Review Summary: A blissful 7 minutes of pure and unrefined old-school hardcore.
Sometimes, the basics are where it's at, and no one knows this better than hardcore bands. Instead of making hour-plus albums of instrumental indulgence and abstract song structures, they make 20-minute full-lengths of short, to-the-point slices of frenetic intensity. A lot of the hardcore out there is near as stripped-down as you can get, but Veins has flipped this notion on its head and made Infest's last look like a Dream Theater album.
Basically, what you see here is what you get. This obscure little demo has seven tracks that have a total duration of seven minutes, with the longest here being barely over two minutes. Veins are not going to give you any bullcrap. Each and every second of those seven minutes are spent bashing you over the head with old-school hardcore punk: the band never relents. The vocals are punky, monotonous yells that are more reminiscent of Infest or Discharge than they are of modern, heavier hardcore acts such as Defeater or Kerouac. The guitars, bass, and drums have that garage band feel, but are never so abrasive as to detract from the album.
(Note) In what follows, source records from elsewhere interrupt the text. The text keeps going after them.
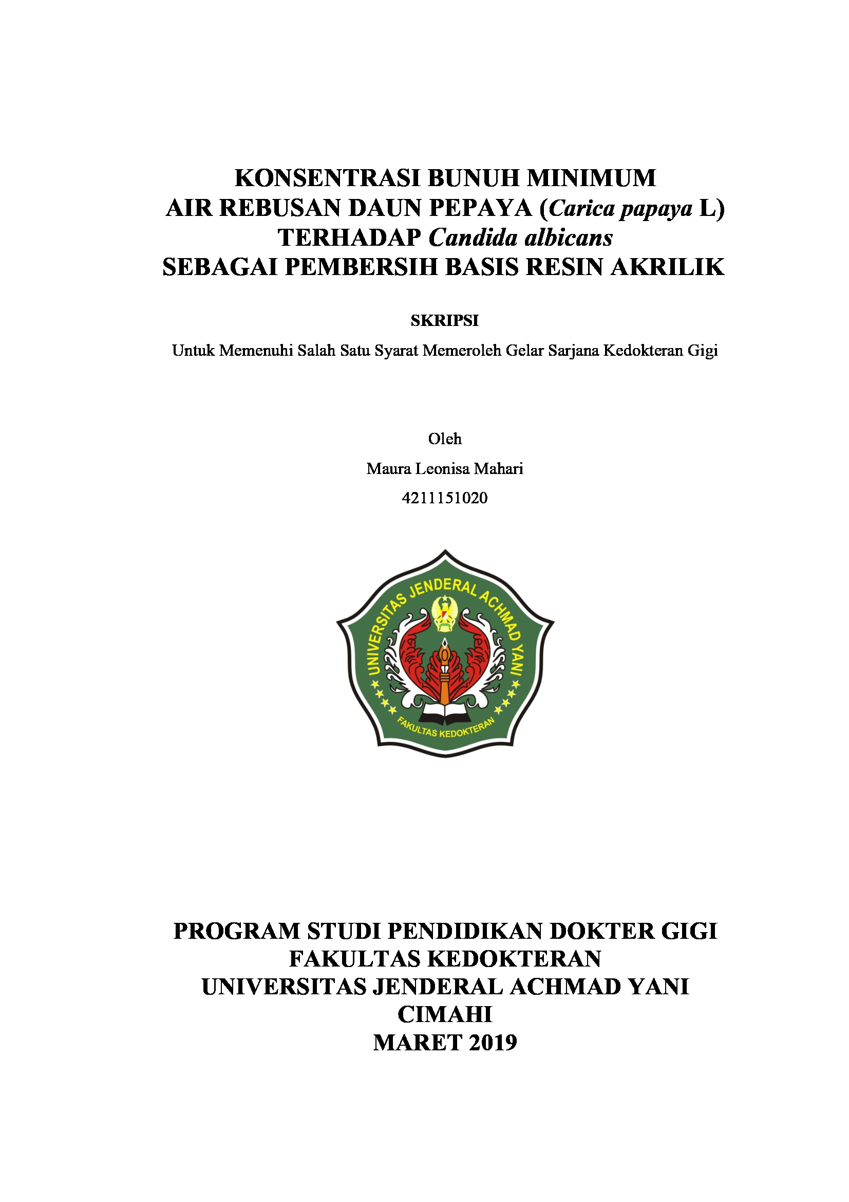 KONSENTRASI BUNUH MINUMAN AIR REBUSAN DAUN PEPAYA ( Carica papaya L) TERHADAP Candida albicans SEBAGAI PEMBERSIH BASIS RESIN AKRILIK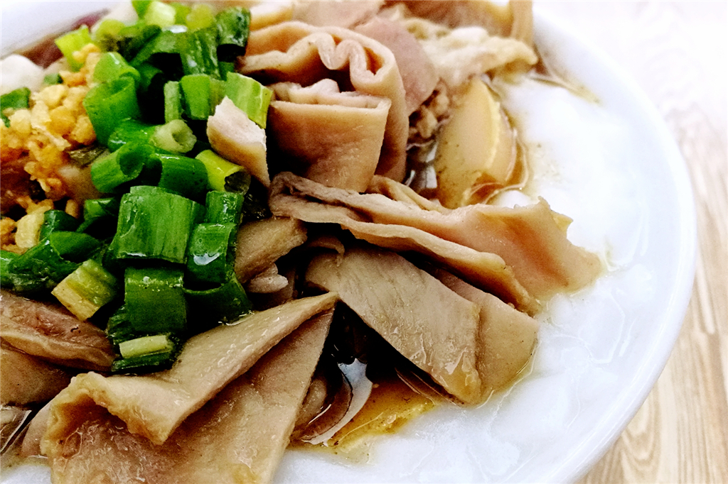 尖米丸是潮汕地区的传统小吃,是用米浆制作而成。当地人用一个特殊的模具将米浆制作成两头尖的长条状,柔软嫩滑,加入骨汤和葱花,味道更鲜美。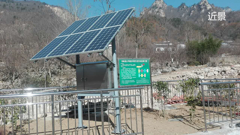 居民日常生活污水通过排水管网进入污水处理系统,经过厌氧、缺氧、好氧等生化处理,使水中的污染物质得以降解,通过澄清沉淀,从而达标排放。系统以传统成熟的A-A-O污水处理技术为基础,并结合现代的太阳能光伏技术,以太阳能为动力,与传统污水处理技术相比较,系统低碳环保节能,占地面积小,自动化程度高,操作维护方便,运行成本几乎为零,更利于农村地区推广普及。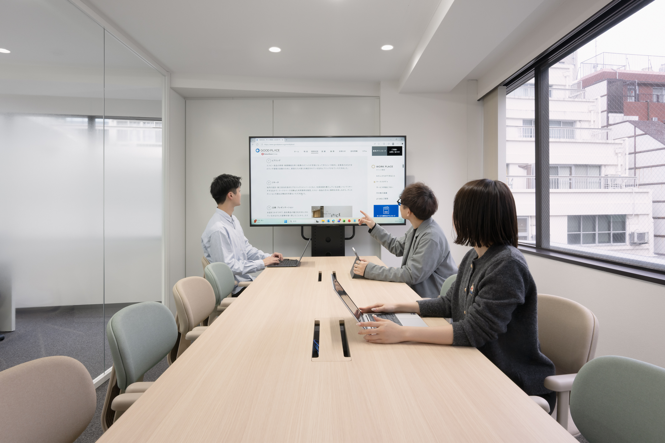 - 従業員数の増加に伴うオフィス移転において、席数や会議室の不足解消に加え、企業イメージの向上や働きやすさの追求が求められた。これらの要望を反映した提案を評価いただき、本プロジェクトをお任せいただいた。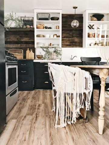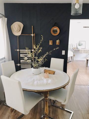 Στην τραπεζαρία η Kate έχει τοποθετήσει ένα vintage στρογγυλό τραπέζι και 4 πιο μοντέρνες καρέκλες, ενώ σε πολλά σημεία υπάρχουν ξύλινες μικρές σκάλες οι οποίες δίνουν ρουστίκ πινελιές στο χώρο.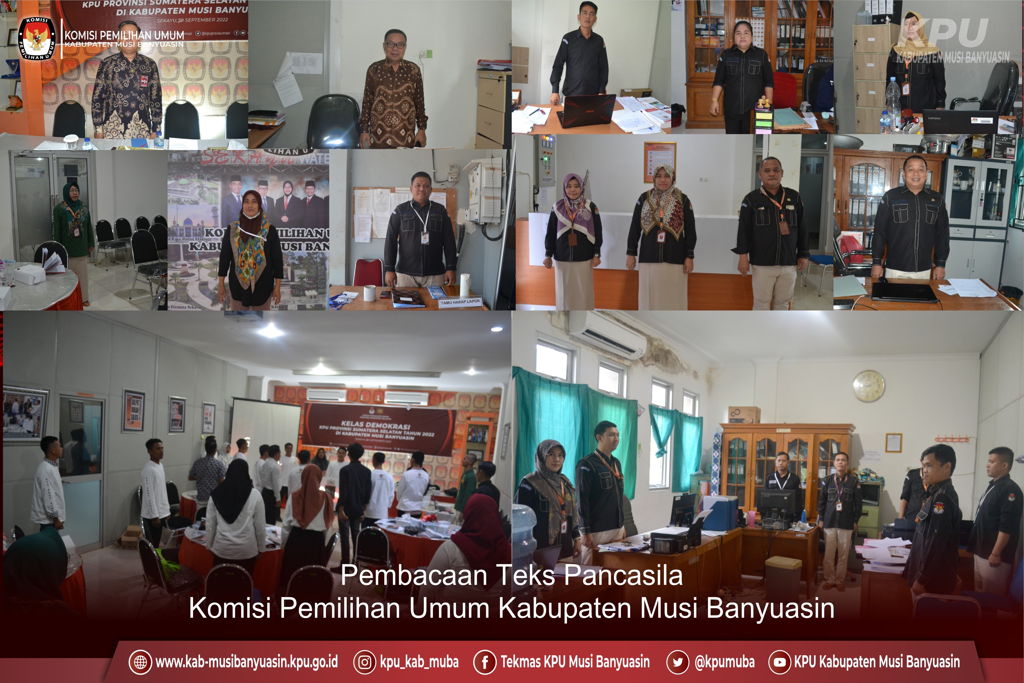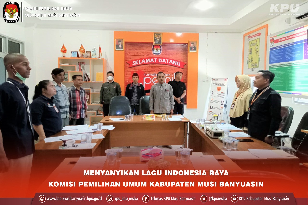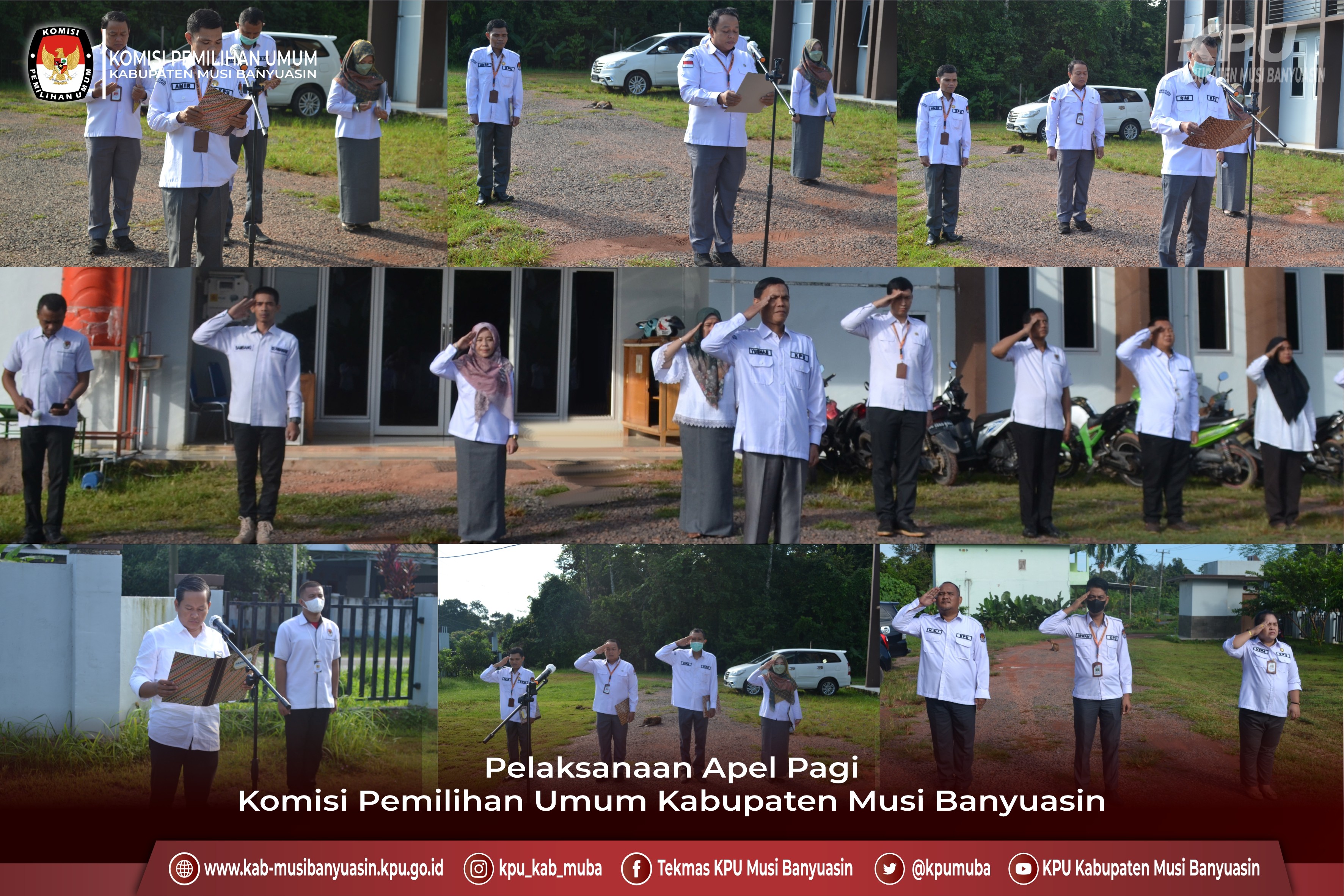 Pelaksanaan Apel rutin di halaman Kantor KPU Kabupaten Musi Banyuasin pada pukul 08.00 WIB dimulai dengan mendengarkan lagu Indonesia Raya, pembacaan UUD 1945, pembacaan Naskah Pancasila serta pembacaan Panca Prasetya KORPRI ditutup dengan Pembacaan Doa.
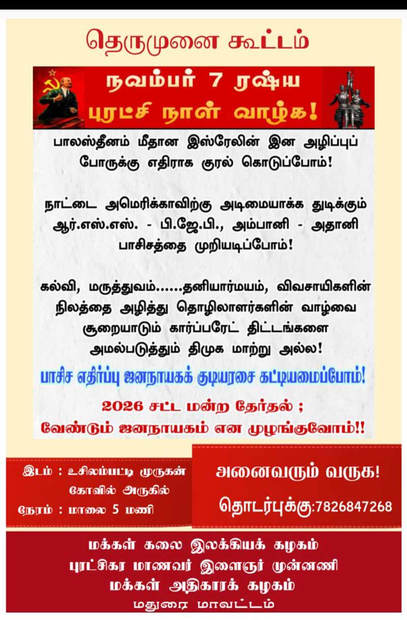 உழைக்கும் வர்க்கம் அதிகாரத்தை கைப்பற்றிய இரசிய புரட்சி நாளை உயர்த்தி பிடித்து, கொடியேற்றும் நிகழ்வு மற்றும் கிருஷ்ணகிரி பேருந்து நிலையத்தில் மக்களிடம் புரட்சியின் சாதனைகளை விளக்கி இனிப்பு வழங்கவுள்ளோம்.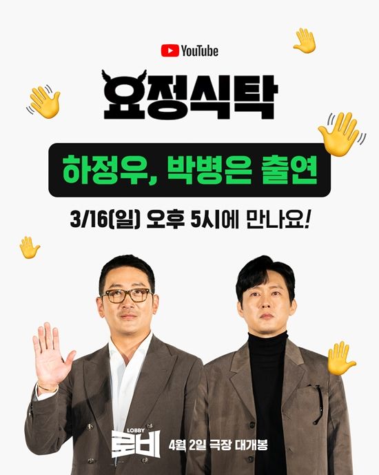 '로비'가 오는 4월 2일 개봉을 앞두고 본격 홍보 릴레이의 첫 시작을 유튜브 '요정재형'과 함께 한다. '로비' 연출과 스타트업 대표 창욱 역 연기를 동시에 도전한 하정우와 로비에 능한 라이벌 회사 대표 광우 역을 맡은 배우 박병은이 출연한다.

The riffs are just as stripped-down as everything else on here: they are fast, mean, short, and fierce. The bass is barely audible, and the drums are just as chaotic as everything else here.
Overall,
Veins doesn't take much to get into. It's short and catchy, and as such it never grows tedious. It's about as good as a seven-minute hardcore demo can get, and is a must-have for anyone who likes the genre and has too short of an attention span to sit through an
entire half-hour Defeater album. Veins get major kudos for how deprived of any and all needless bullcrap their debut is, and this proves that, if not anything else, they are certainly a band to look out for in the future.